My hematologist is also an oncologist.

The drug Hydrea/hydroxyurea has been around and used for about 45 years. It is generally well tolerated in patients compared to other chemo drugs and treatments. Many people (myself included, and I am 75 with other health issues) have next to no or no side effects if they learn when to take it. To try and avoid any stomach upsets I take my daily pill after lunch or dinner. No problems after 3 months or so on it.

To make my disease (I am JAK2 mutation ET with platelets as high as 800) easier to work on and less likely to flare, I stick to a Mediterranean Diet. It is widely recommended by cancer doctors and other doctors who deal with people who have a chronic disease that is made worse by inflammation in the body. I cut out sugar and alcohol. No fried foods or "fast food." I eat fish or some chicken versus red meat, low-fat dairy, veggies, and fruits. I keep my weight normal and exercise daily in ways I can easily do it. I get 7-8 hours of sleep each night. I do things that keep my stress level low.

I attribute my lack of side effects and overall health improvement to the above factors and lifestyle changes. For every "scary thing" you read about side effects from hydroxyurea, you can find people of all ages who have been on it for 5-10-20 years without any significant or no side effects. 🙂

Please go into it with a positive attitude. The stress from worry about it can create all kinds of physical symptoms unrelated to the pill you started to take! If you have any side effects, tell your doctor. Rarely does someone have to discontinue it, and many times, any side effects one gets early get better as their body gets used to it.

I have been very happy to read online the positive responses to taking HU instead of the negative and down right scary ones. I was diagnosed with ET with a Jak2 V617F mutation and as I posted in a previous post I am seeing a Hem/Onc at UCLA on the 3rd. I felt I wanted another opinion. I really wanted to know if I’m a bleeder, or a clotter and how do they determine which way it can go. Also, when is a bone marrow test done? The first doctor just said you have Jak2 mutation and this is how we start treatment. If that’s the case then fine that’s what I will do, but more explanation would have been great.
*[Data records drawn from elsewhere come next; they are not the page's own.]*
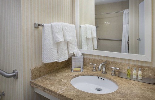 Recreational amenities at the hotel include an indoor pool and a 24-hour fitness center.
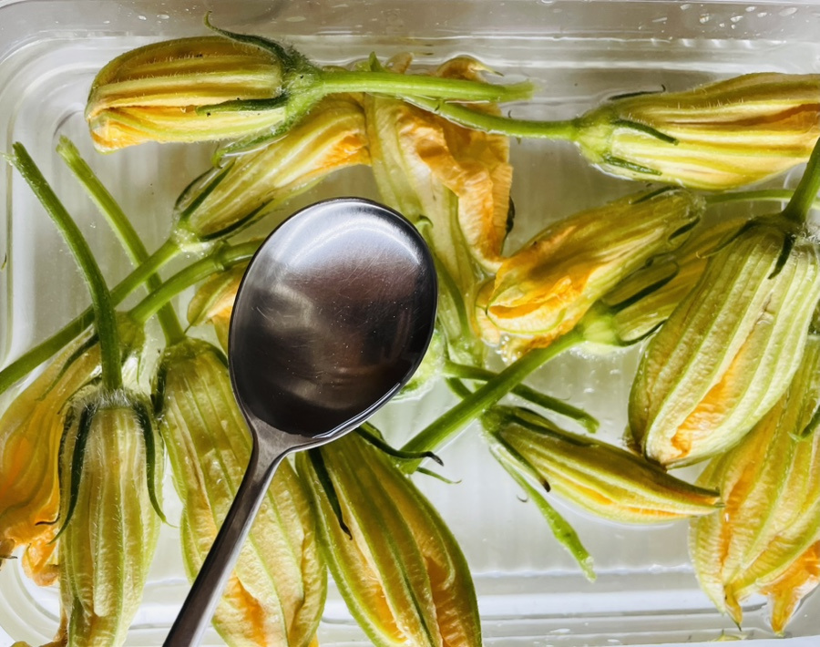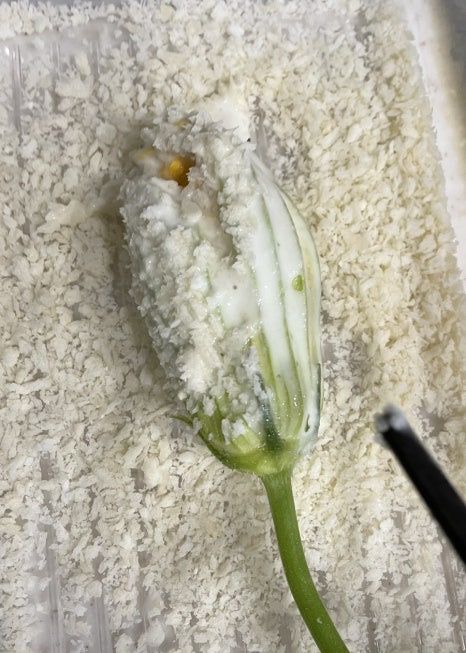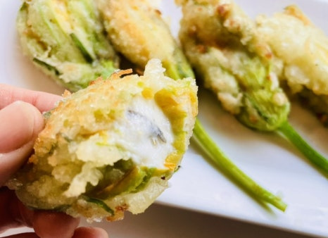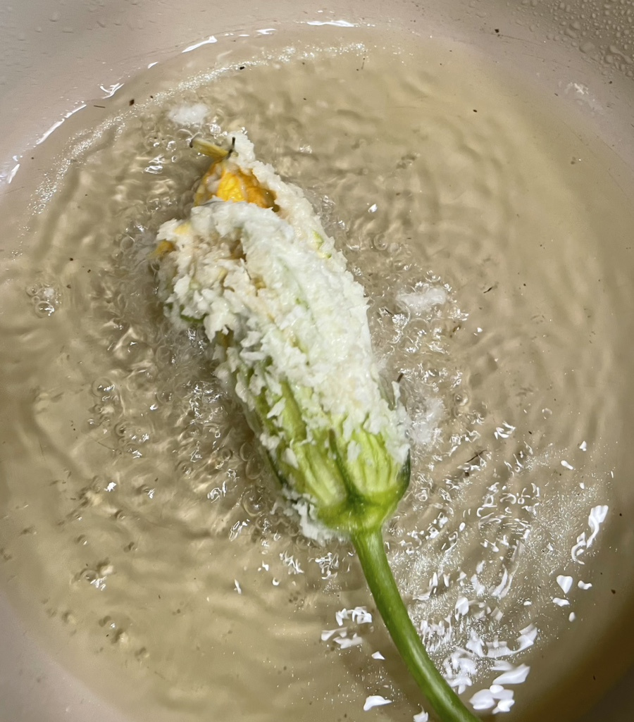 오늘은 호박꽃 튀김을 이태리식으로 안에 리코타치즈와 홈메이드 앤초비를 넣고 튀김옷을 입혀 튀겼어요.
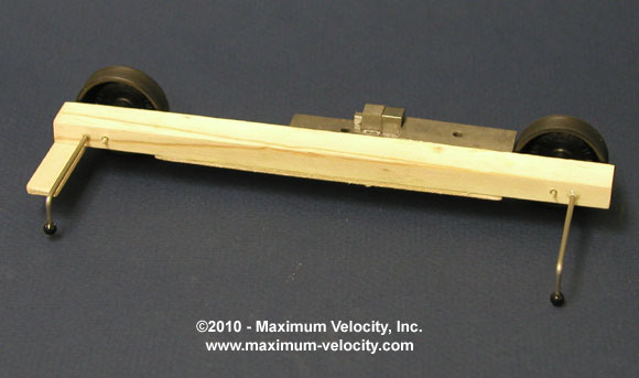 On my design, I discarded the other two wheels, and replaced them with outrigger bars, tipped with small beads. The weight is tungsten (just over 4 ounces) and the wheels are light weight H-Tread wheels. The alignment is set to rail ride. Admittedly the car could be made more elegant by hiding the weight and giving it a nice paint job, but I kind of liked the functional look.
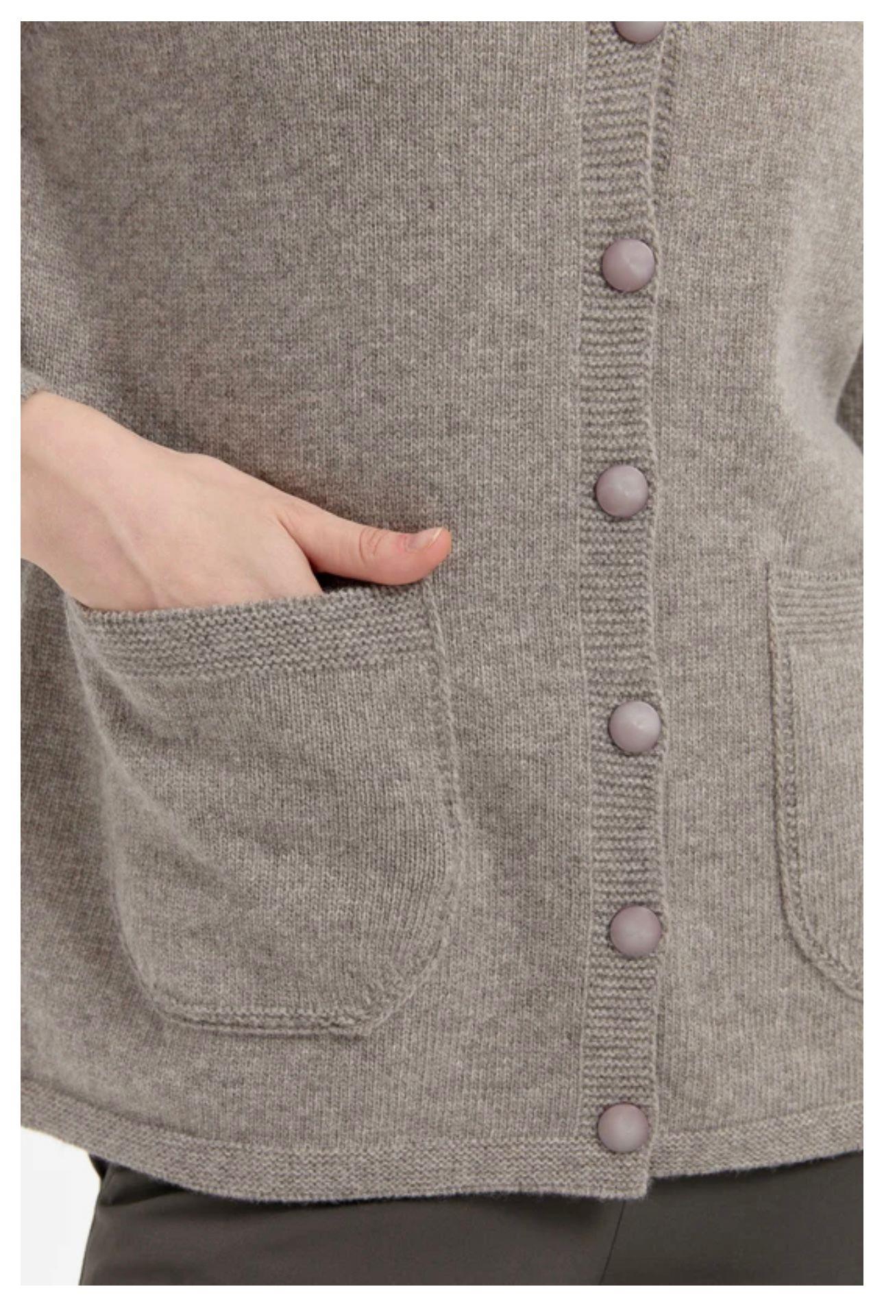 - Desen Triko Omzu ve Cebi Çiçek Detaylı Yün Hırka-23009
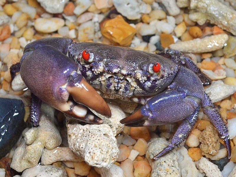 Feeds predominantly on other crustaceans and mollusks—its powerful claws can crush snail shells and hermit crabs.

Just saying, "You have a JAK2 V617F is not enough! In my opinion and many oncologists' opinions, diagnosing to be sure you have ET can only be 100% accurate if you have the BMB! It can tell a hematologist/oncologist much more than blood tests alone. I would definitely ask to have one done when you see the UCLA! Bleeding can be caused by several things -- very high platelet count, which crowds out other blood cells, very low platelets, etc. This is why you need a BMB to see exactly what else is going on and get a "baseline" of all your important cell counts.

I am so glad you'll be seeing a specialist at UCLA soon! PLEASE have them order a CT guided BMB for you while you are there!

My hematologist wanted to keep my platelets low because of clotting events in the past. I haven't heard much about anyone having clotting problems here. My hematologist wants platelets low. They were 476 but she wanted to go lower so I am now down to 426. Hydroxurea works well. I feel tired quite often but fight the tireness. Some other blood numbers out of wack but supposedly normal for this situation. I take 10 hydroxurea a week. I am 78 and am coming into a year of this situation that I believe was brought on by stress. I haven't had any problems with my hair. I am fair and outside a lot soaking up sunshine. No problems with sunburn that I believe was an issue with the Hydroxurea. I watch what I eat. I guess you'd say I am doing well, so far. Glad to hear the long termer made it to 19 years with no big problems. My mother had Polycythemia vera but did not die of it.